<<<<

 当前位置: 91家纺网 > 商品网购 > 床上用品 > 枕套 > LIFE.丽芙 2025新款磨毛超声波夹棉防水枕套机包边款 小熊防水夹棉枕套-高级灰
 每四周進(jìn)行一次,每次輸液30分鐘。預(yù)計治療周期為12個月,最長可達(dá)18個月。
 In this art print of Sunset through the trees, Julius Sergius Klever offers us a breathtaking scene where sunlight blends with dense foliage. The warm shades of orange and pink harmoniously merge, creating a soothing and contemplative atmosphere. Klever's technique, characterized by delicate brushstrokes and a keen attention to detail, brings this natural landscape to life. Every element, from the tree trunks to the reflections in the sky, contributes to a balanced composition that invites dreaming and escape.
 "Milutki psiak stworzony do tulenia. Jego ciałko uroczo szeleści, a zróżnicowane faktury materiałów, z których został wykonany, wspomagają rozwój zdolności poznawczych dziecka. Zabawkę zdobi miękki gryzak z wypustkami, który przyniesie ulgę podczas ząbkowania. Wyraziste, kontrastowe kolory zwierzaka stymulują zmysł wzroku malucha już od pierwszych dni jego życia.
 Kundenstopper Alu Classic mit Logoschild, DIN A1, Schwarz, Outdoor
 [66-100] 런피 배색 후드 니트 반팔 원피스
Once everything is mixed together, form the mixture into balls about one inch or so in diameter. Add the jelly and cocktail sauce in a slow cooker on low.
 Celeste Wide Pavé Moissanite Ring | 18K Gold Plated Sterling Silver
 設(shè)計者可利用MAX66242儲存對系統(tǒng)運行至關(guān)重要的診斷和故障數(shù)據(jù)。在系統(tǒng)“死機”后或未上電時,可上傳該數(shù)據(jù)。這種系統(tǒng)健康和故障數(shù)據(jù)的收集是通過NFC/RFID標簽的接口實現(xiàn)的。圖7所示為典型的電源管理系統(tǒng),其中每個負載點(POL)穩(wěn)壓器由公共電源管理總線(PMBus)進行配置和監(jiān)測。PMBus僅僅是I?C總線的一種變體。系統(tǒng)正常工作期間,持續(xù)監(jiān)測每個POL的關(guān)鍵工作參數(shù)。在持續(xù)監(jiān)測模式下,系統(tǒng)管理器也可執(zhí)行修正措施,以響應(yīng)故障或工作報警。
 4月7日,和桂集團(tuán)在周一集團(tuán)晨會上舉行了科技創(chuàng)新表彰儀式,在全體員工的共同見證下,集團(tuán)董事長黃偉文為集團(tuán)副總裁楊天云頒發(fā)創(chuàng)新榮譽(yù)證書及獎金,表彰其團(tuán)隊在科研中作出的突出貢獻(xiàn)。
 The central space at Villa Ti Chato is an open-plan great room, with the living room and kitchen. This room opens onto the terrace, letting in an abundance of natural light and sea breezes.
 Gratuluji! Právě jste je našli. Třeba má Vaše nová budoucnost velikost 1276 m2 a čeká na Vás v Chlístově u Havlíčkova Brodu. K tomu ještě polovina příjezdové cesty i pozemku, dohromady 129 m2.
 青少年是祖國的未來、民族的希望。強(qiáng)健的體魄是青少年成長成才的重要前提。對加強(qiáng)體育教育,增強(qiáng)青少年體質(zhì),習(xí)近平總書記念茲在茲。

>>>>

**Task requirements**
The first line of the entries above and every line after it, up to and including the line with "In this art", should be set down exactly.

**Answer box**
 当前位置: 91家纺网 > 商品网购 > 床上用品 > 枕套 > LIFE.丽芙 2025新款磨毛超声波夹棉防水枕套机包边款 小熊防水夹棉枕套-高级灰
 每四周進(jìn)行一次,每次輸液30分鐘。預(yù)計治療周期為12個月,最長可達(dá)18個月。
 In this art print of Sunset through the trees, Julius Sergius Klever offers us a breathtaking scene where sunlight blends with dense foliage. The warm shades of orange and pink harmoniously merge, creating a soothing and contemplative atmosphere. Klever's technique, characterized by delicate brushstrokes and a keen attention to detail, brings this natural landscape to life. Every element, from the tree trunks to the reflections in the sky, contributes to a balanced composition that invites dreaming and escape.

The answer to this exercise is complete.